----- MATERIAL PROVIDED -----
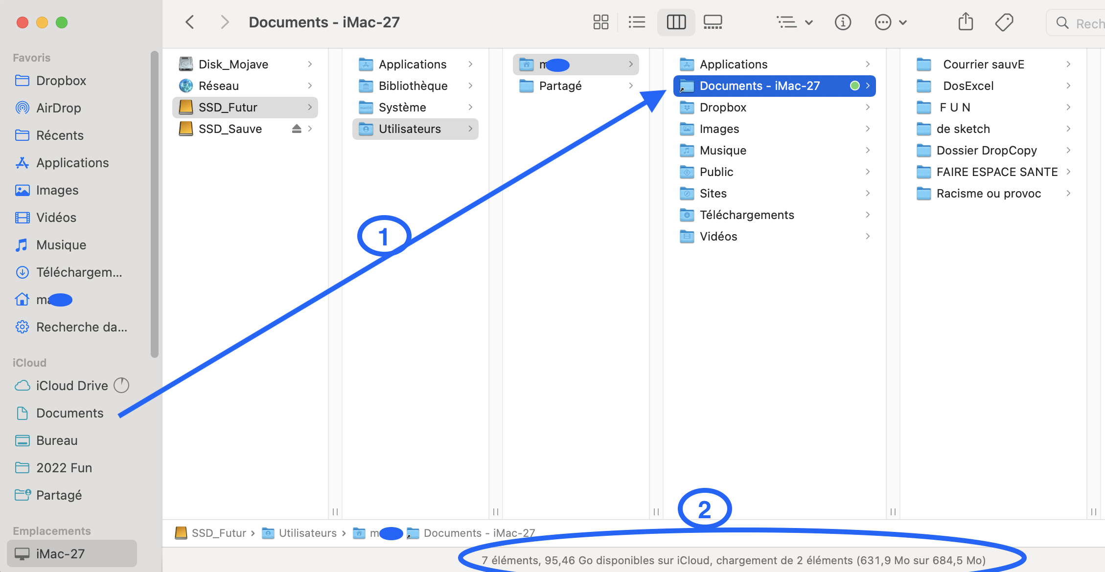 La photo qui suit montre les 2 espaces iCloud correspondants aux 2 disques SSD, je vais aller supprimer le "iCloud" de l'autre pour économiser de l'espace dans le nuage, et simplifier les sauvegardes futures de fichiers (maintenant, "Documents" n'est plus naturellement dans "l'utilisateur / ma... " )
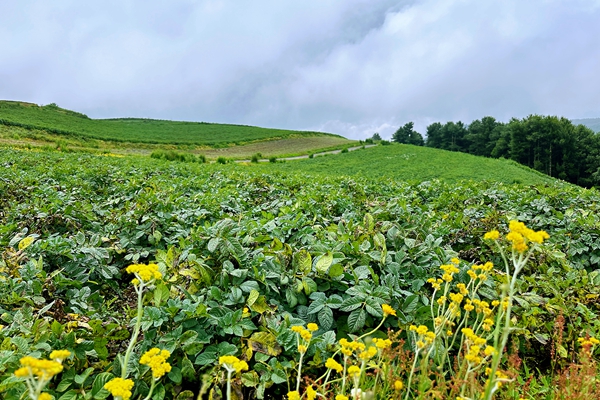 當(dāng)?shù)匾晃环N植戶說:“今年種植的馬鈴薯首次使用一種叫作‘量宇植物之母’的新型肥料,效果很好,馬鈴薯長勢比往年要好。”
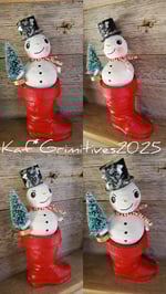 Frosty is tucked inside a very well loved and worn vintage paper mache candy container boot.
-----
Reprint the data verbatim, pictures excluded.

 La photo qui suit montre les 2 espaces iCloud correspondants aux 2 disques SSD, je vais aller supprimer le "iCloud" de l'autre pour économiser de l'espace dans le nuage, et simplifier les sauvegardes futures de fichiers (maintenant, "Documents" n'est plus naturellement dans "l'utilisateur / ma... " )
 當(dāng)?shù)匾晃环N植戶說:“今年種植的馬鈴薯首次使用一種叫作‘量宇植物之母’的新型肥料,效果很好,馬鈴薯長勢比往年要好。”
 Frosty is tucked inside a very well loved and worn vintage paper mache candy container boot.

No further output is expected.